In the years since, TAVR, also referred to as transcatheter aortic valve implantation, or TAVI, has moved from a curiosity that drew excited crowds to become the standard of care for patients with symptomatic heart disease due to severe native calcific aortic stenosis. Procedural expertise and equipment have markedly improved; subsequent clinical trials have validated the clinical use of TAVR in a variety of patient settings.

Today, TAVR is becoming the procedure of choice over surgical AVR for patients and many clinicians. Demand has continued to rise as more trial data affirm its safety and efficacy in new patient groups. Globally, TAVR procedures are expected to exceed 300,000 per year by 2025.

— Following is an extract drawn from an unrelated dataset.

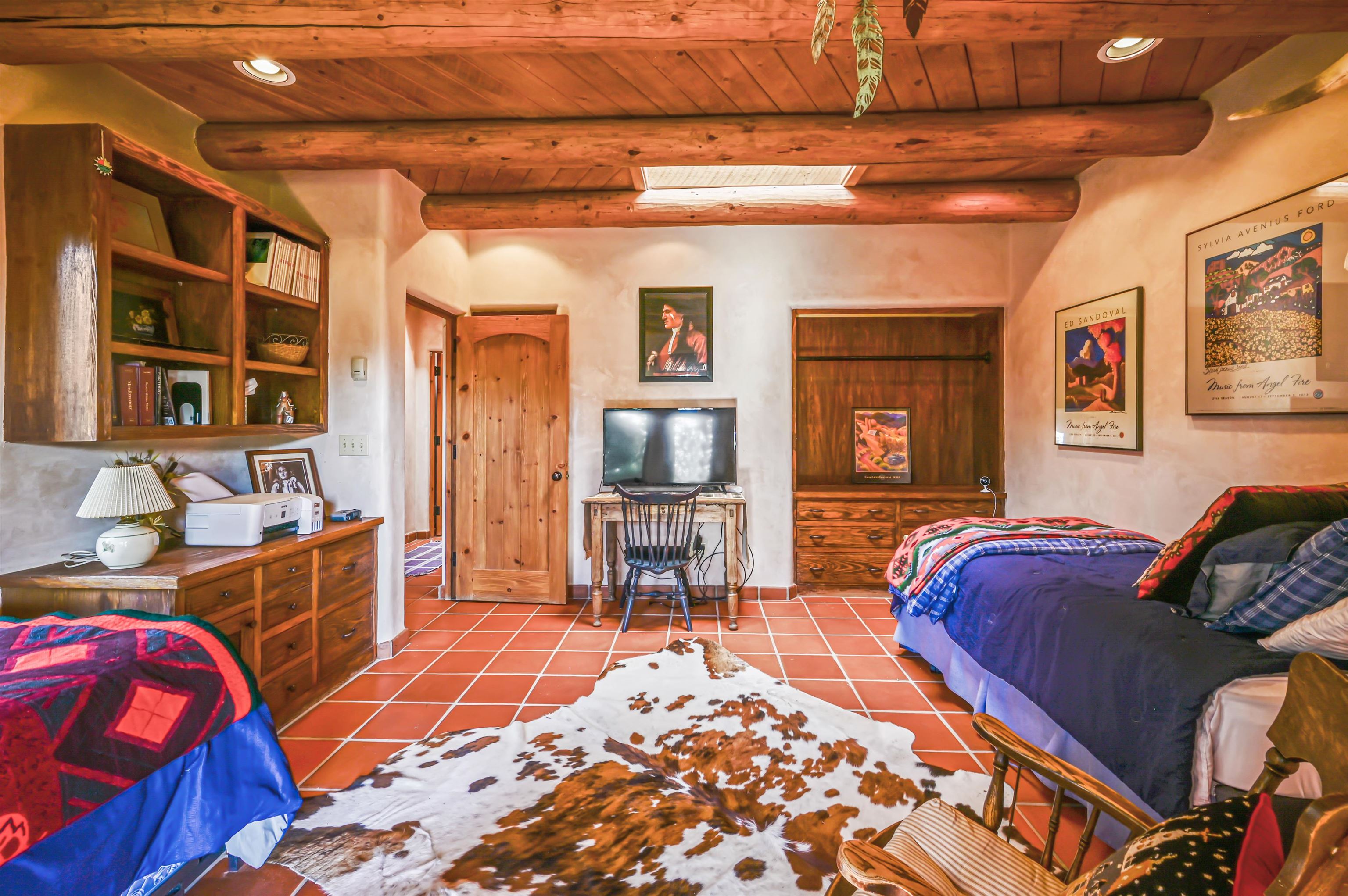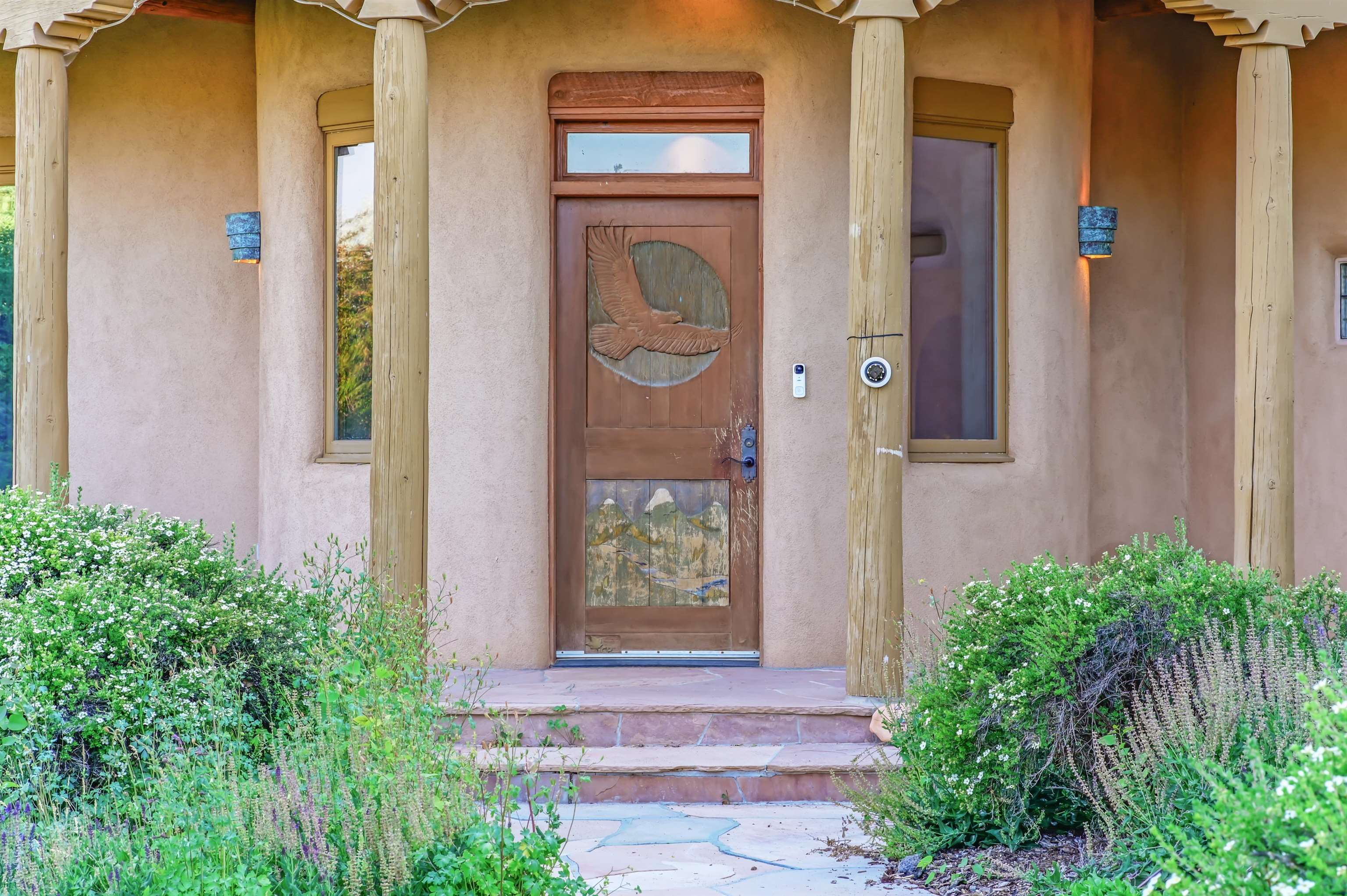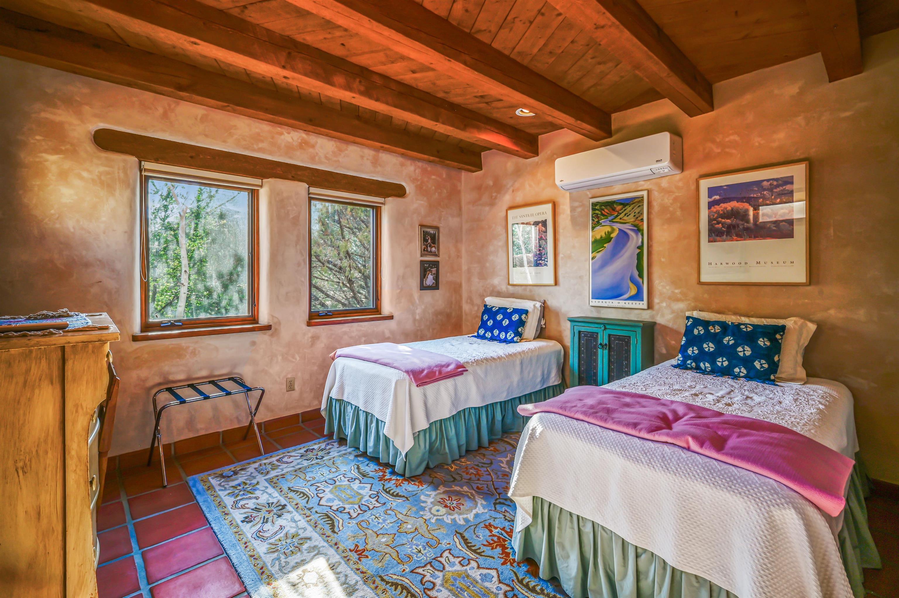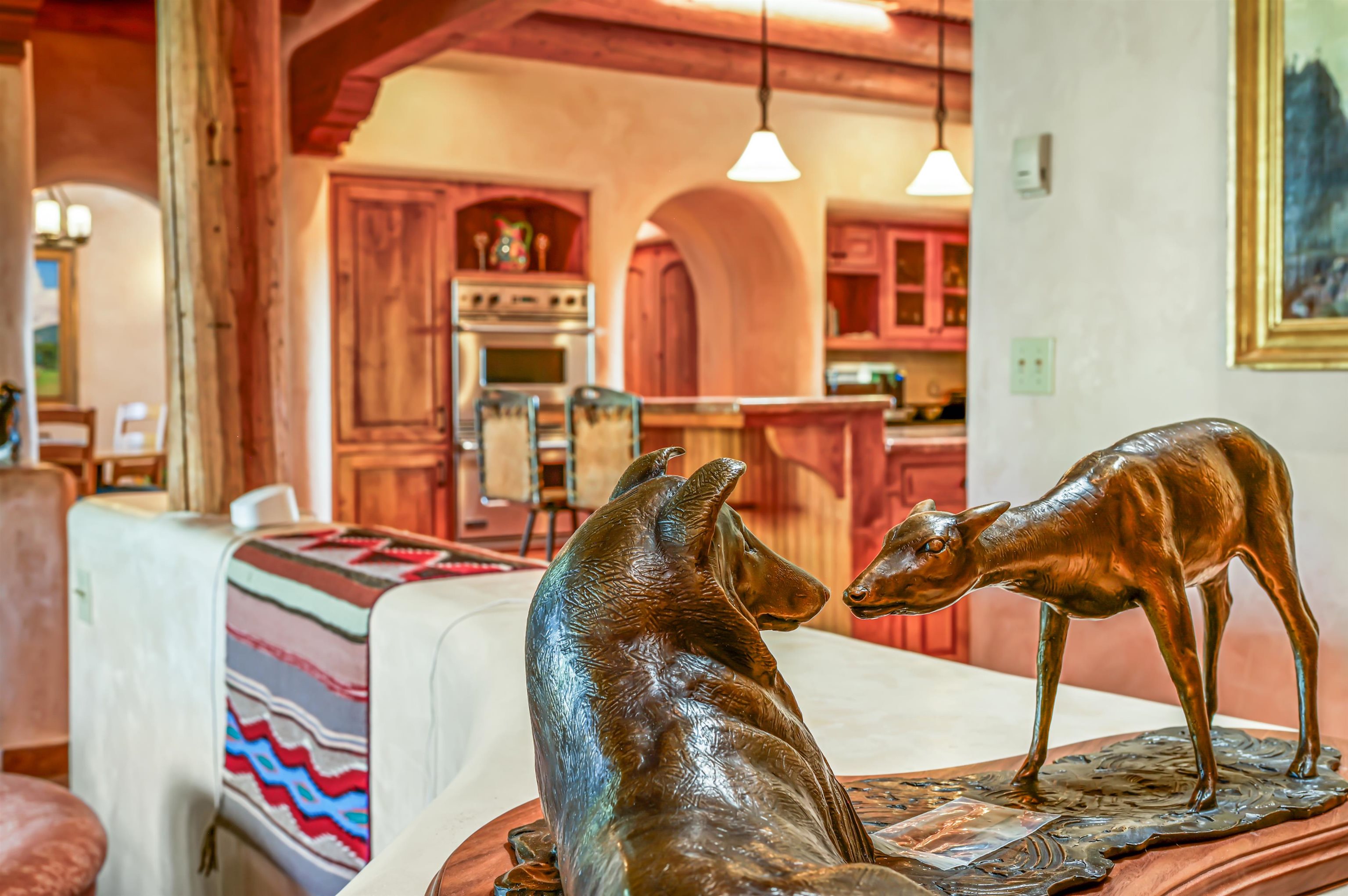 Welcome to a truly exceptional Northern New Mexico retreat--110 acres of serene beauty and luxurious living. This remarkable property features a stunning 4-bedroom, 3-bath primary residence once showcased in Enchanted Homes magazine, a testament to its timeless design, high-level craftsmanship, and one-of-a-kind charm. Inside, you'll find hand-carved beams, a magnificent stone fireplace, and warm, inviting spaces designed for comfort and elegance. The chef's kitchen is a dream for culinary enthusiasts, while multiple private patios and lush, thoughtfully landscaped gardens create a true oasis in the desert--perfect for quiet mornings, lively gatherings, and starlit evenings. Conveniently located just 10 quick minutes west of the Taos Regional Airport, this extraordinary estate is as functional as it is beautiful. A grid-tied solar system, private well, and high-speed fiber optic internet ensure modern sustainability and convenience. The land includes well-appointed outbuildings: storage, tack room, hay barn, and a 3-bedroom, 2-bath manufactured caretaker's home--ideal for guests, a ranch manager, or extended family. Take in breathtaking 360-degree views from every angle and enjoy the option for an elk hunting license, adding unique appeal for outdoor enthusiasts. Whether you dream of tending gardens, riding horses, or simply soaking up the peace and privacy under expansive skies, this property invites you to experience the very best of refined country living. If you've been searching for a luxurious private sanctuary that must be seen to be truly appreciated, this is the one.

“In the beginning, TAVR was more like a surgical case with an anesthesiologist,” Cardiology Today Editorial Board Member Dipti Itchhaporia, MD, FACC, FESC, immediate past president of the American College of Cardiology; the Eric & Sheila Samson Endowed Chair in Cardiovascular Health and director of disease management for Jeffrey M. Carlton Heart and Vascular Institute at Hoag Memorial Hospital, Newport Beach, California; and assistant clinical professor of medicine at University of California, Irvine, said in an interview. “Now, we have improved to the point where there is conscious sedation, no monitoring lines, 23-hour stays and same-day discharge. The prevalence of permanent pacemaker implantation has fallen from 15% down to 5% to 7% or even lower. Stroke risk is reduced due to more flexible, lower-profile devices. We have worked at better case selection. Now, the technique is being applied to all comers, including patients with bicuspid valves.”

The rapid evolution of TAVR was driven in no small part by key collaborations from stakeholders that included industry and FDA, setting a precedent for data collection and allowing for expanded indications based in part on registry data, according to Cardiology Today Editorial Board Member David R. Holmes Jr., MD, professor of medicine at the Mayo Clinic College of Medicine and a consultant in the division of cardiovascular diseases and the department of internal medicine at Mayo Clinic in Rochester, Minnesota. At the same time, technology enhancements allowed for simplification of the procedure and a striking reduction in complications, he said.

“We have taken TAVR from something people were always concerned about and always drew a crowd to a procedure that is performed at many centers in the U.S., with many patients sent home same day,” Holmes told Cardiology Today. “It has been a huge initiative, brought together and based upon the heart team, collaboration between the [Society of Thoracic Surgeons] and ACC, cardiac surgery and interventional cardiology. This was the result of everyone working together, bringing in other stakeholders to make this difference that has truly transformed medical care.”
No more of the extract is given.